Sie verbreiten sich rasant: Chats und Chatbots werden von immer mehr Unternehmen in der Kundenkommunikation eingesetzt. Aber sind sie auch für Recruiting-Themen geeignet?

Es ist schon ziemlich angenehm. Wer keine Lust hat in Warteschleifen zu hängen oder auf eine E-Mail-Antwort zu warten, findet auf vielen Kundenservice-Seiten immer häufiger das Angebot eines Chats. Am anderen Ende sitzen aber nicht immer auch Kundenservice-Mitarbeiter, die die Frage der Kunden beantworten. Chatbots, also eine entsprechend programmierte Software, antworten automatisiert auf bestimmte Kundenanfragen, wobei sie sich vor allem an Schlüsselbegriffen orientieren, die im vom Kunden eingegebenen Anliegen vorkommen. Aber sind derlei Angebote auch etwas für die Arbeitgeberkommunikation

Kommt drauf an, meinen wir. In unserer unlängst veröffentlichten Studie zum digitalen Recruiting in Nordbayern, haben wir Unternehmen und potentielle Bewerber nach dem Einsatz von Chats befragt. Dabei wurde sichtbar, dass nur wenige Unternehmen etwa einen Bewerberchat oder Chatbots einsetzen. Je jünger die Bewerberzielgruppe allerdings ist, desto eher stößt ein solches Angebot auf Gegenliebe. Schnell, unkompliziert und direkt. 

Die Applicant Journey („Bewerberreise“) von der ersten Kontaktaufnahme mit einem potentiellen Arbeitgeber bis zum Durchlauf durch den kompletten Bewerberprozess ließe sich mit Hilfe von Chats durchaus hilfreich ergänzen. Bewerber erhalten durch einen Chat einen direkten Draht in die Personalabteilung über einen schnellen und gewohnten Kommunikationskanal. Die HR-Mitarbeiter können mehrere Anfragen gleichzeitig bearbeiten und sind nicht mehr allzu sehr an das Telefon gebunden. 
Via Chatbots könnten zudem Standardfragen, etwa zum Status einer Bewerbung oder nach dem Kontakt zu einem Ansprechpartner, automatisiert und ressourcenschonend eingesetzt werden. 

Ganz verzichten sollte man aber auf einen „richtigen Menschen“ in Sachen Chat nicht. Menschen identifizieren sich mit Menschen und gerade etwas kompliziertere Anliegen dürften einen Chatbot überfordern. Es sollte keinesfalls der Eindruck entstehen, dass Mitarbeiter und potentielle Mitarbeiter nicht persönlich betreut werden. 

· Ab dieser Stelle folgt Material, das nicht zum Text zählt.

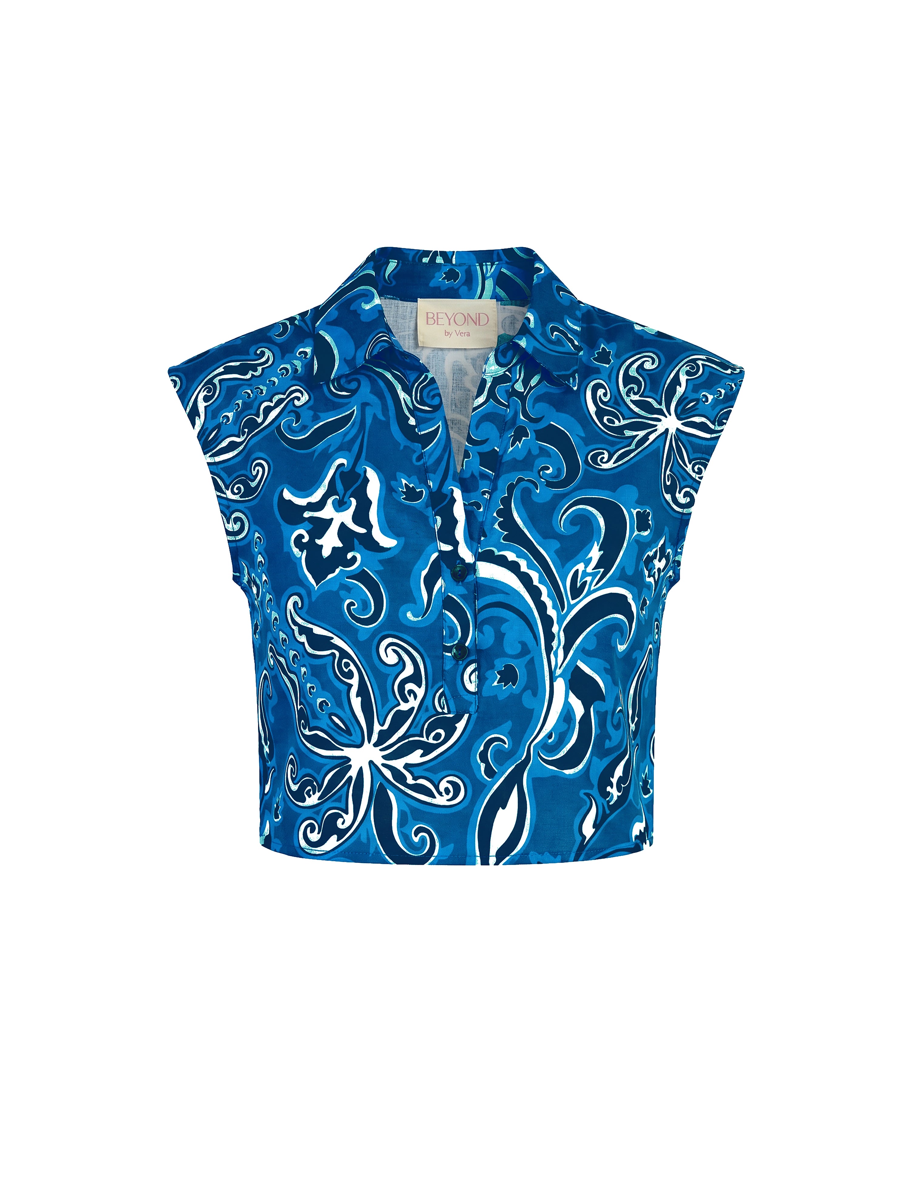 Sleek and structured, the sleeveless Alba top features a subtle shoulder extension and a cropped waist. With a two-button neckline and side zip, it pairs effortlessly with our Kara skirt or elevates your favorite jeans. Alba is crafted from crisp cotton poplin, breathable and soft against the skin. This print captures the visual moment of swimming beneath the surface of a sunlit pool, where light creates shimmering reflections above. The layered colors in the artwork create a sense of movement, giving the print its modern, dreamlike depth.

In unserer Studie zeigte sich, dass Bewerber eine regelmäßige Kommunikation mit dem Arbeitgeber während des Bewerbungsdurchlaufes vermissen. Nur wenige Unternehmen bieten etwa einen gezielten Bewerber-Newsletter an, der über verschiedenen Themen rund um das Unternehmen, die Bewerbung und den Prozess informiert. Chat-Technologien oder etwa der Einsatz von bestehenden Messenger-Diensten könnten hier sinnvolle Dienste leisten. 

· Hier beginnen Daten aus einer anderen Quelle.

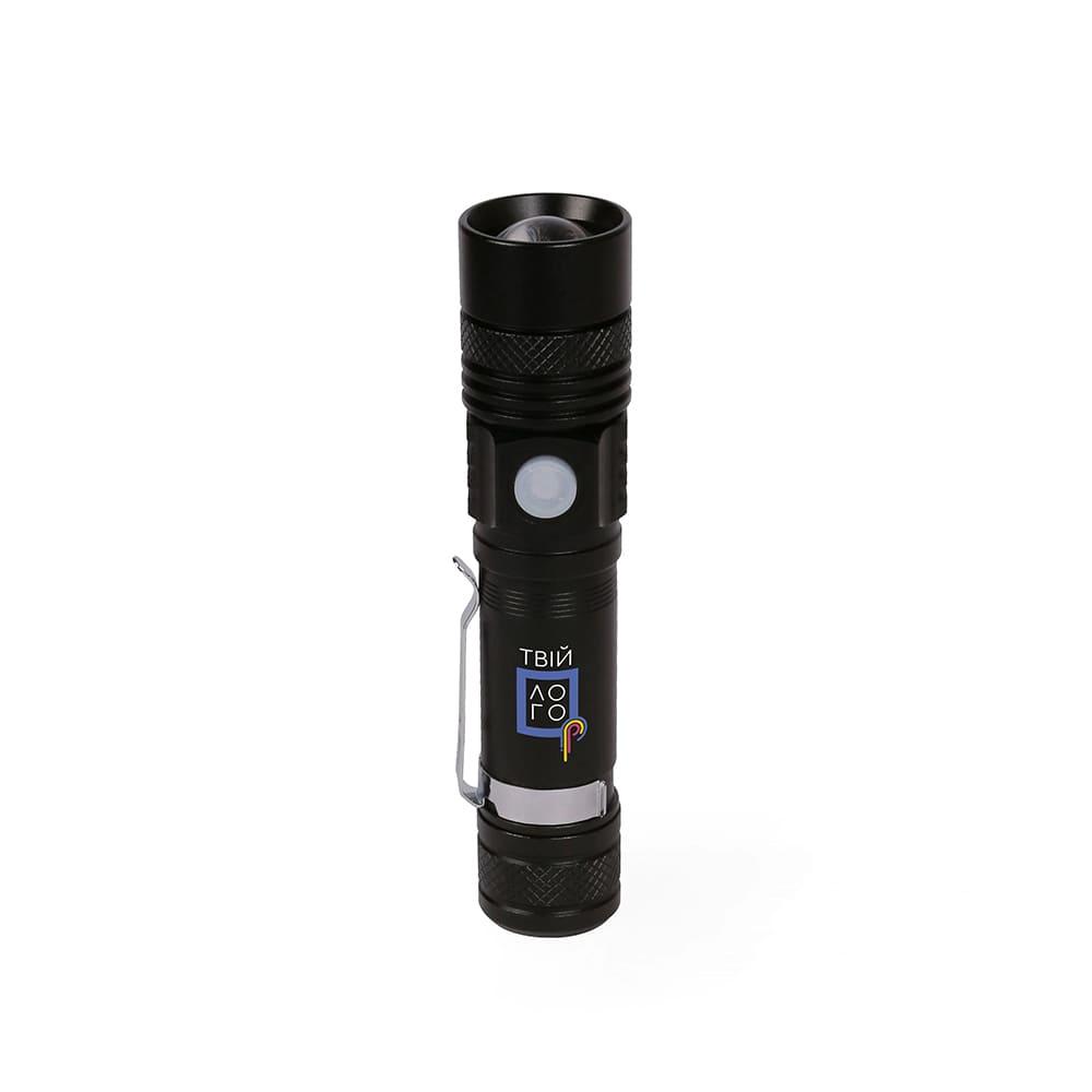 Черный фонарик Focus, TM Discover с зарядкой от USB с логотипом

Auch für die interne Kommunikation können Chatdienste einen effizienten Dienst erfüllen. Beispielsweise bei Krankmeldungen oder Suchanfragen. Wir halten es durchaus für sinnvoll, den Einsatz von Chatbots und Chatsystemen zu prüfen, wenn deren Einsatz zu der jeweiligen Mitarbeiter- und Bewerberzielgruppe eines Unternehmens passt. Die Nutzung solcher Technologien kann einen positiven Beitrag zur Arbeitgebermarke leisten. Gerade dann wenn ein Unternehmen auf der Suche nach technologieorientierten Fachkräften ist.